GUIDELINES FOR WRITING A CASE STUDY ANALYSIS
A case study analysis requires you to investigate a business problem, examine the alternative solutions, and propose
the most effective solution using supporting evidence.
Preparing the Case
Before you begin writing, follow these guidelines to help you prepare and understand the case study:
Read (or view) and examine the case thoroughly
• Take notes, highlight relevant facts, underline key problems.
Focus your analysis
• Identify two to five key problems
• Why do they exist?
• How do they impact the organization?
• Who is responsible for them?
Uncover possible solutions
• Review course readings, discussions, outside research, your experience.
Select the best solution
• Consider strong supporting evidence, pros, and cons: is this solution realistic?
Drafting the Case
Once you have gathered the necessary information, a draft of your analysis should include these sections:
• Identify the key problems and issues in the case study.
• Formulate and include a thesis statement, summarizing the outcome of your analysis in 1–2
• Set the scene: background information, relevant facts, and the most important issues.
• Demonstrate that you have researched the problems in this case study.
• Outline possible alternatives (not necessarily all of them)
• Explain why alternatives were rejected
• Why are alternatives not possible at this time?

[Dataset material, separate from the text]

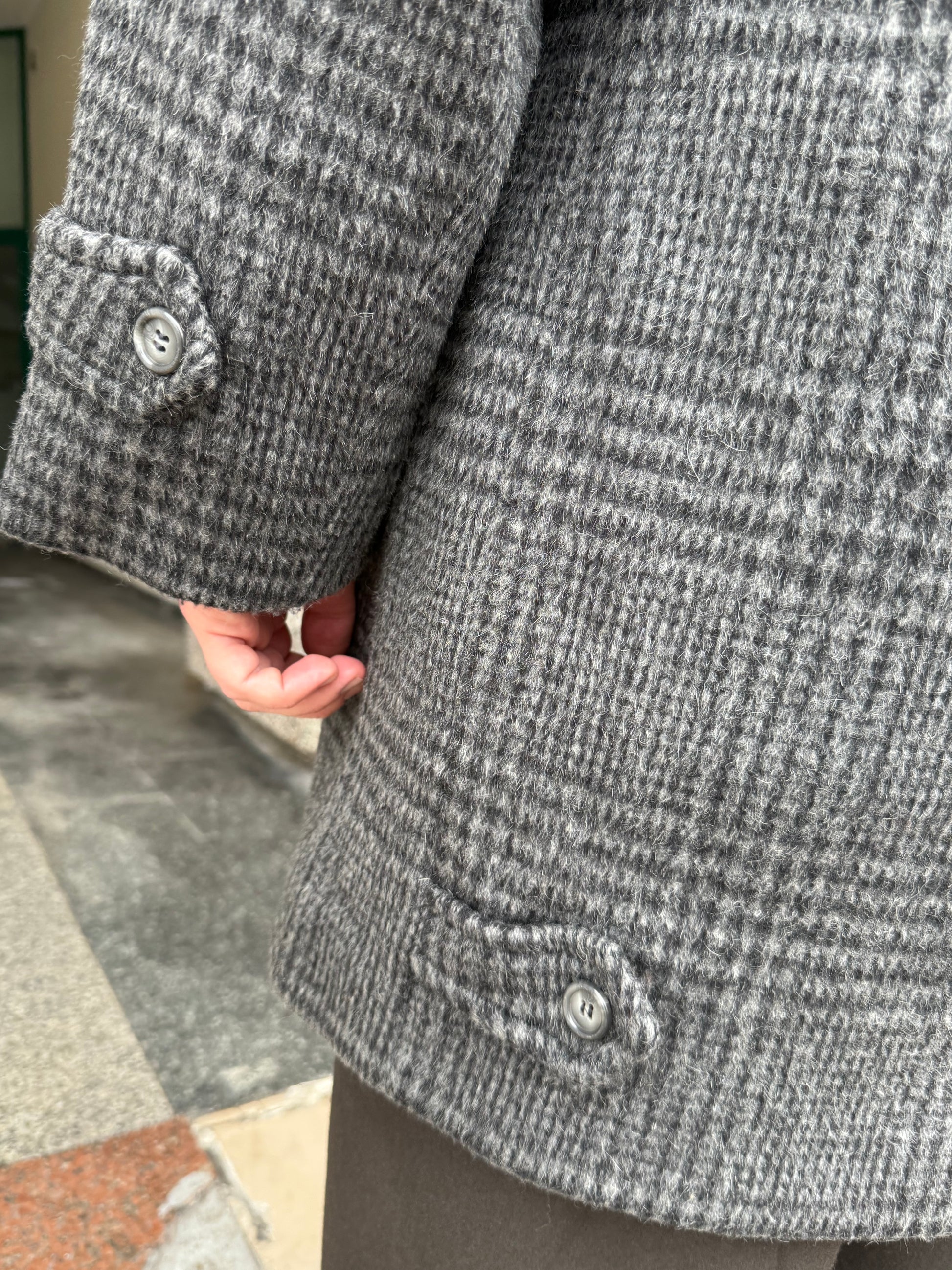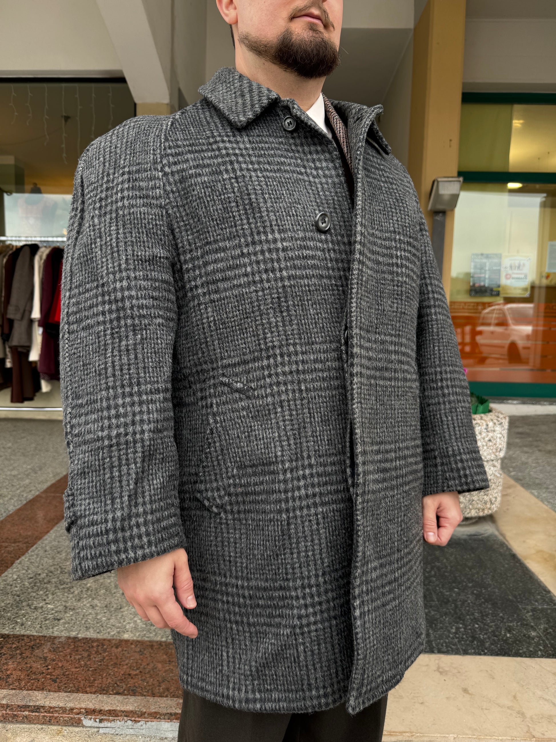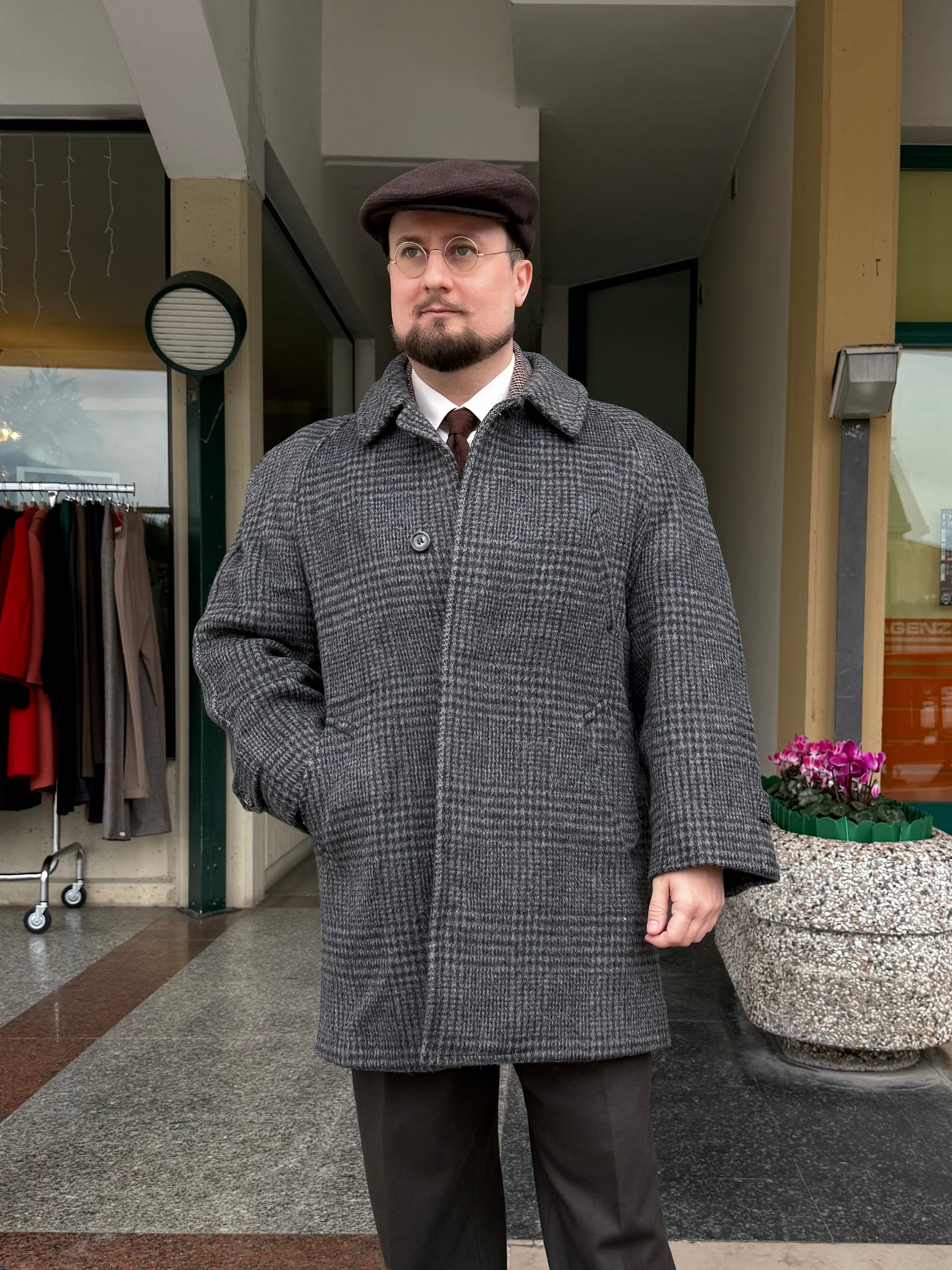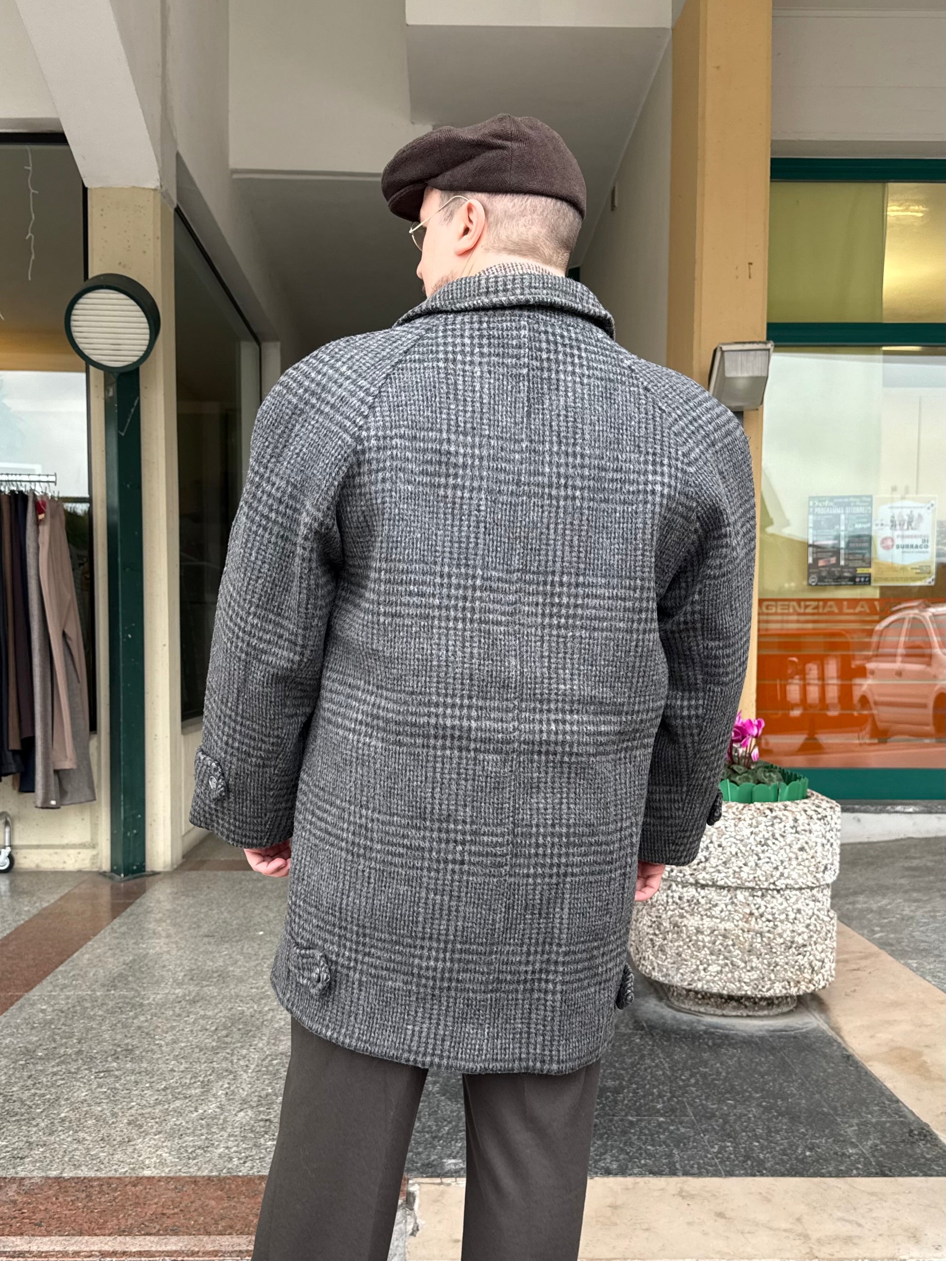 Cappotto anni ‘80 in lana colore grigio e fantasia a quadri.

• Provide one specific and realistic solution
• Explain why this solution was chosen
• Support this solution with solid evidence
• Concepts from class (text readings, discussions, lectures)
• Outside research
• Personal experience (anecdotes)
• Determine and discuss specific strategies for accomplishing the proposed solution.
• If applicable, recommend further action to resolve some of the issues
• What should be done and who should do it?
Finalizing the Case
After you have composed the first draft of your case study analysis, read through it to check for any gaps or
inconsistencies in content or structure: Is your thesis statement clear and direct? Have you provided solid evidence?
Is any component from the analysis missing?
When you make the necessary revisions, proofread and edit your analysis before submitting the final draft.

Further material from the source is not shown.